TASK DETAILS> Once you reach the line with "He was awarded", copy it and every line after it exactly, up to the end of the data. Omit the pictures.

DATA SHOWN>
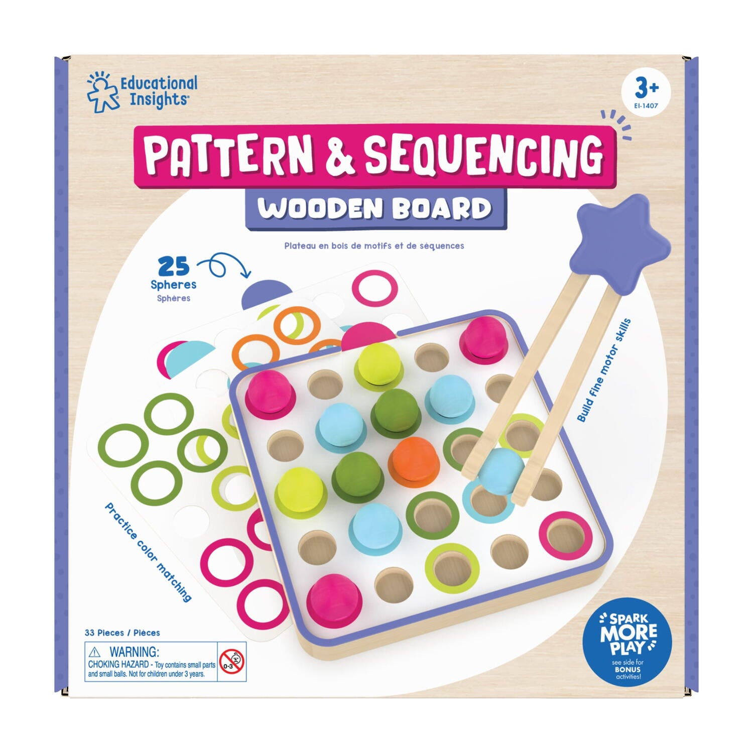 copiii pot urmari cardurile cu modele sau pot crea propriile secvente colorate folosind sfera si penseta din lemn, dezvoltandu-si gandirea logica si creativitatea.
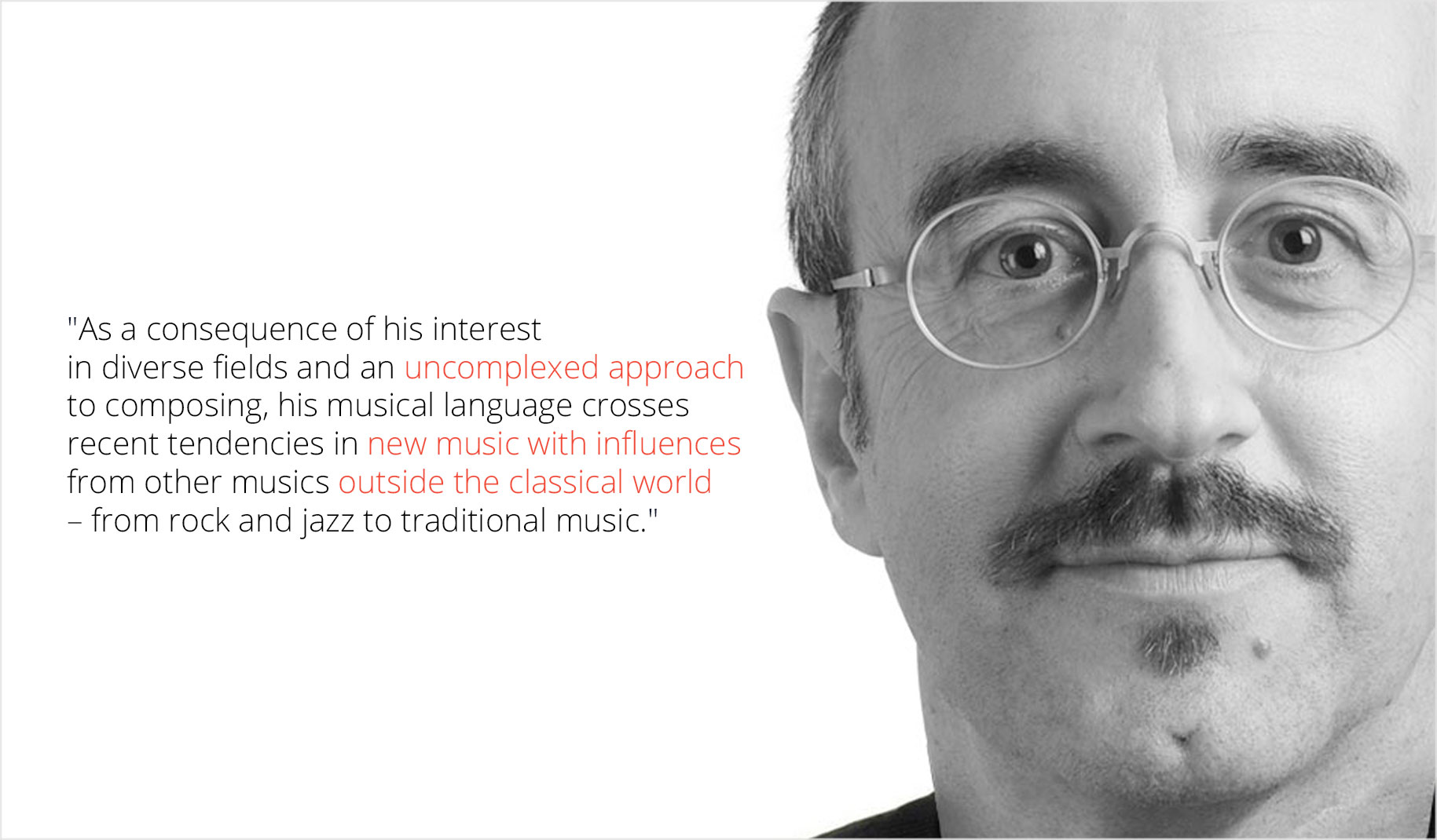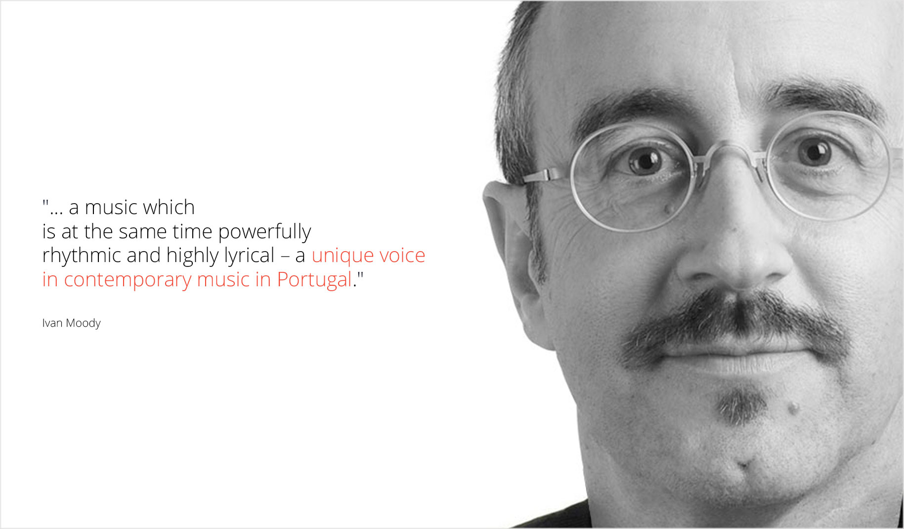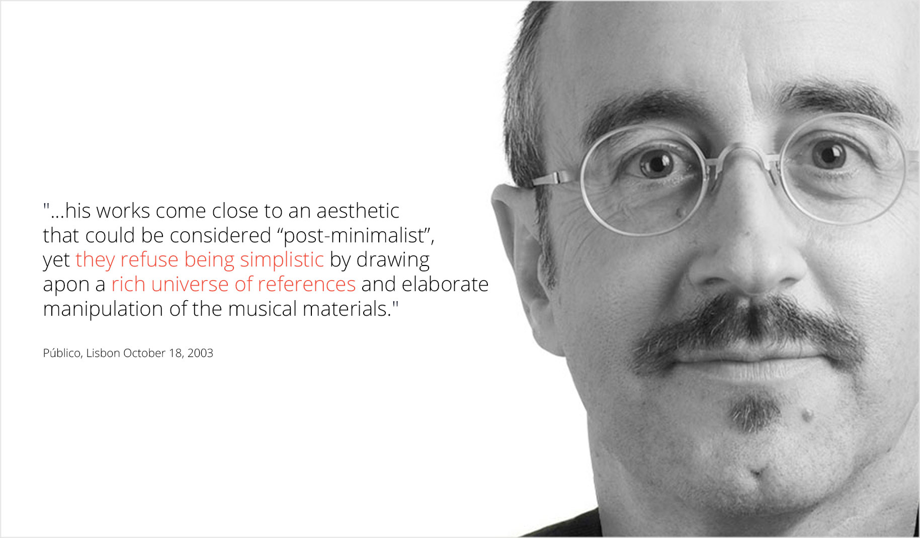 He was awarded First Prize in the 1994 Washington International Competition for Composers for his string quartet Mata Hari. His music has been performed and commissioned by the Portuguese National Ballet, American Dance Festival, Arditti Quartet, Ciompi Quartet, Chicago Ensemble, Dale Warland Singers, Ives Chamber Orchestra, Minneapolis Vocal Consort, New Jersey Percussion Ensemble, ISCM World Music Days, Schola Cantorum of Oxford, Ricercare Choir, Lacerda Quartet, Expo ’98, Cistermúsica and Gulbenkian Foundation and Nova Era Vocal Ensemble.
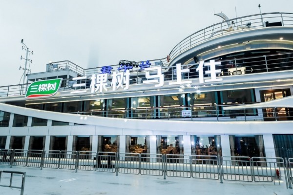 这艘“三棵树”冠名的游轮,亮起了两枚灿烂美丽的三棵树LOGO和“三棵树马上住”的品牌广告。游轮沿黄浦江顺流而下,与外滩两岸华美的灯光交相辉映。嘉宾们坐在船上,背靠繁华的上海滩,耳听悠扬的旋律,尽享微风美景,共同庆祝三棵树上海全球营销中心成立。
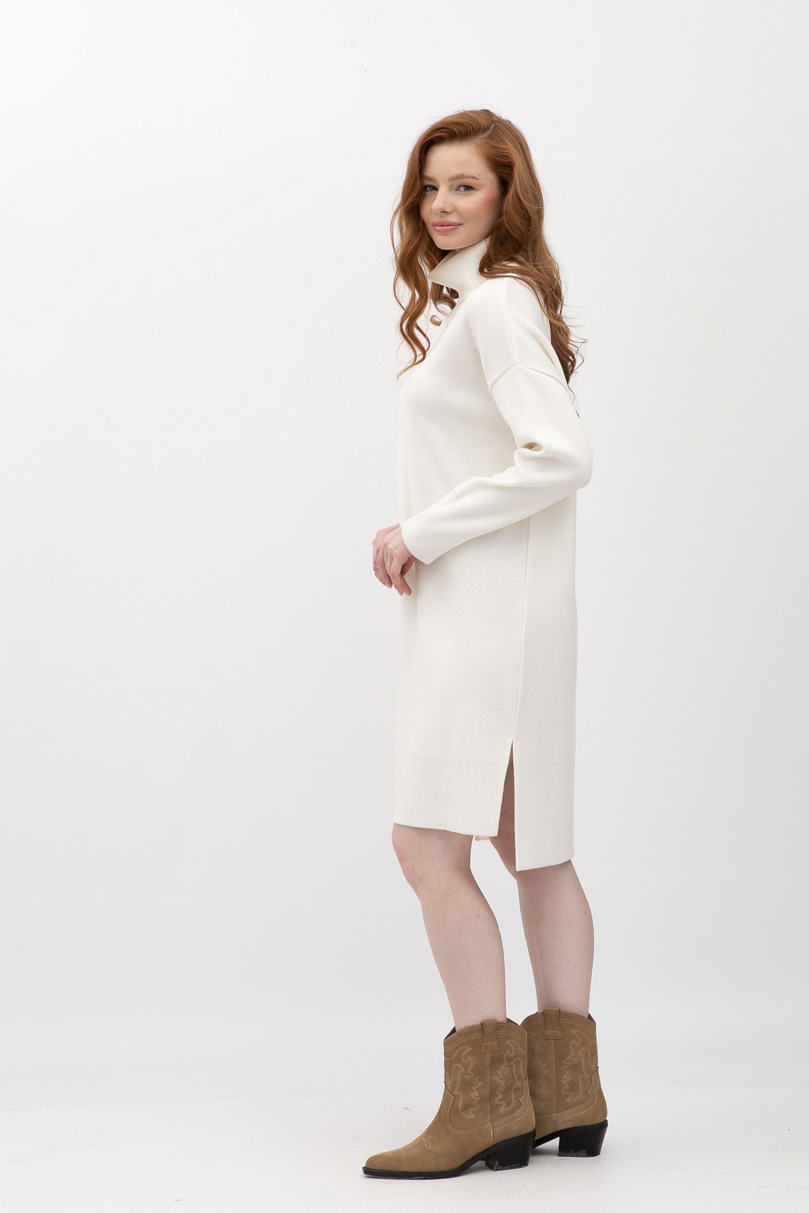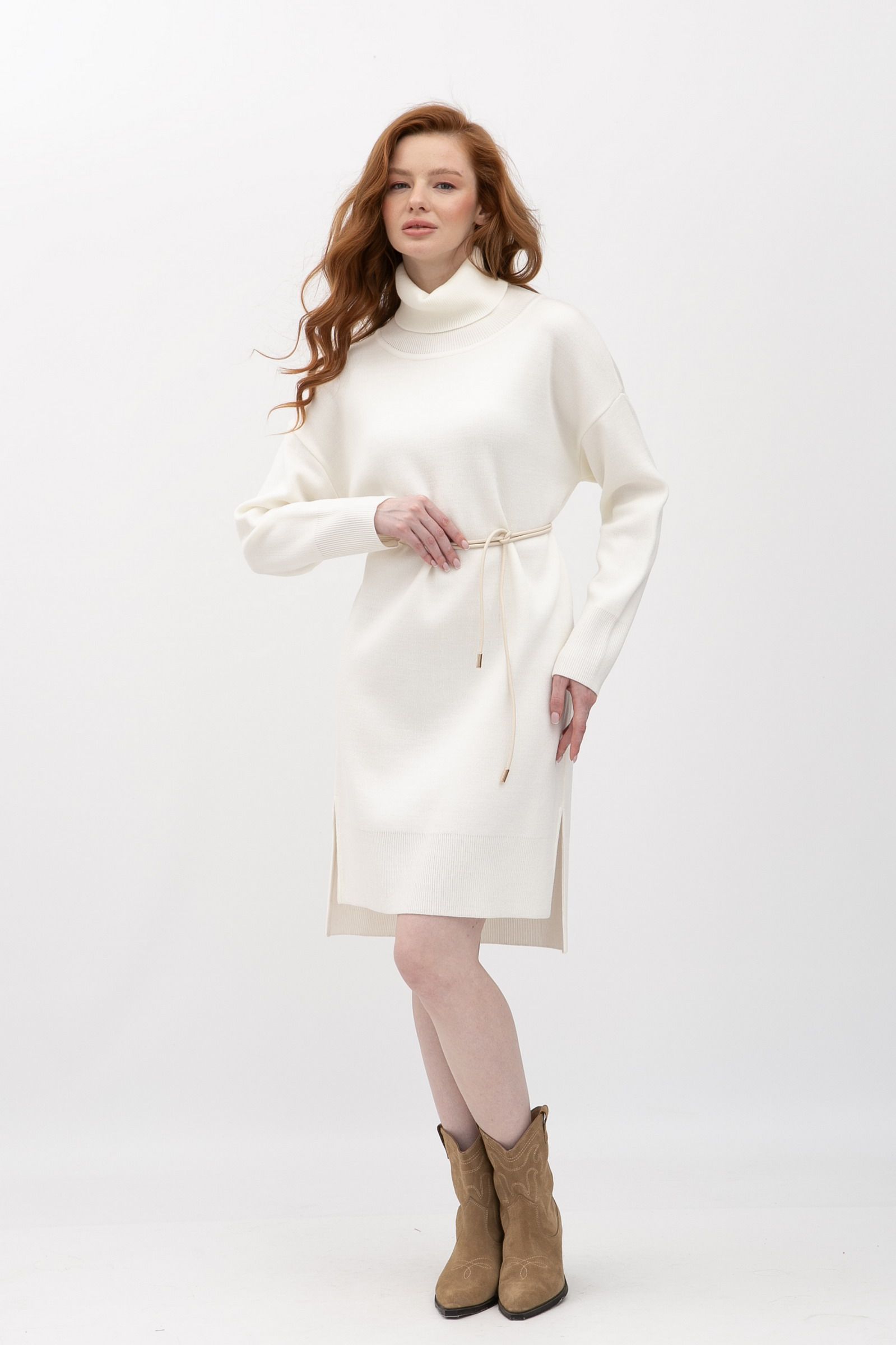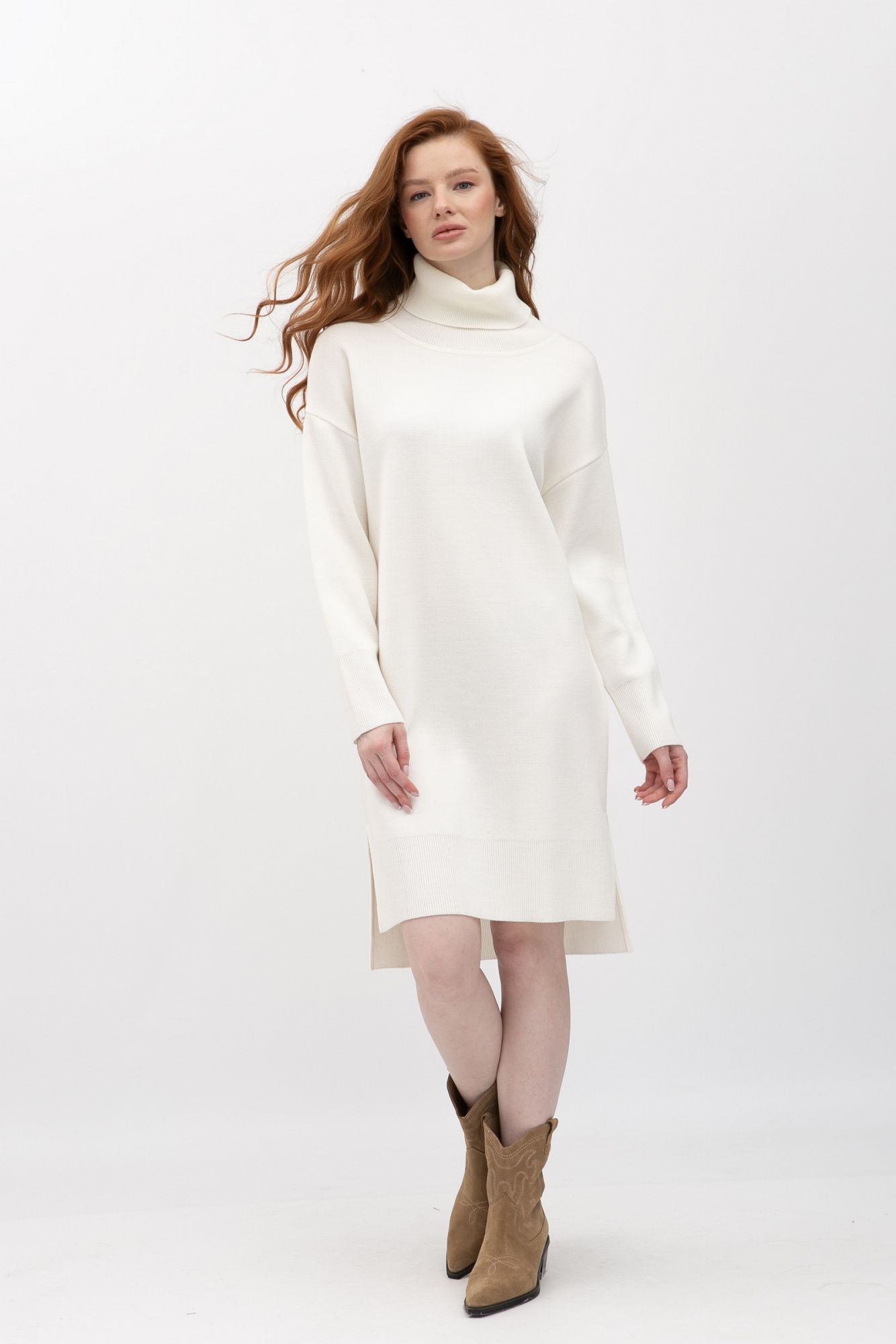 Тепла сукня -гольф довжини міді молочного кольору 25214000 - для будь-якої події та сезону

TASK SOLUTION>
 He was awarded First Prize in the 1994 Washington International Competition for Composers for his string quartet Mata Hari. His music has been performed and commissioned by the Portuguese National Ballet, American Dance Festival, Arditti Quartet, Ciompi Quartet, Chicago Ensemble, Dale Warland Singers, Ives Chamber Orchestra, Minneapolis Vocal Consort, New Jersey Percussion Ensemble, ISCM World Music Days, Schola Cantorum of Oxford, Ricercare Choir, Lacerda Quartet, Expo ’98, Cistermúsica and Gulbenkian Foundation and Nova Era Vocal Ensemble.
 这艘“三棵树”冠名的游轮,亮起了两枚灿烂美丽的三棵树LOGO和“三棵树马上住”的品牌广告。游轮沿黄浦江顺流而下,与外滩两岸华美的灯光交相辉映。嘉宾们坐在船上,背靠繁华的上海滩,耳听悠扬的旋律,尽享微风美景,共同庆祝三棵树上海全球营销中心成立。
 Тепла сукня -гольф довжини міді молочного кольору 25214000 - для будь-якої події та сезону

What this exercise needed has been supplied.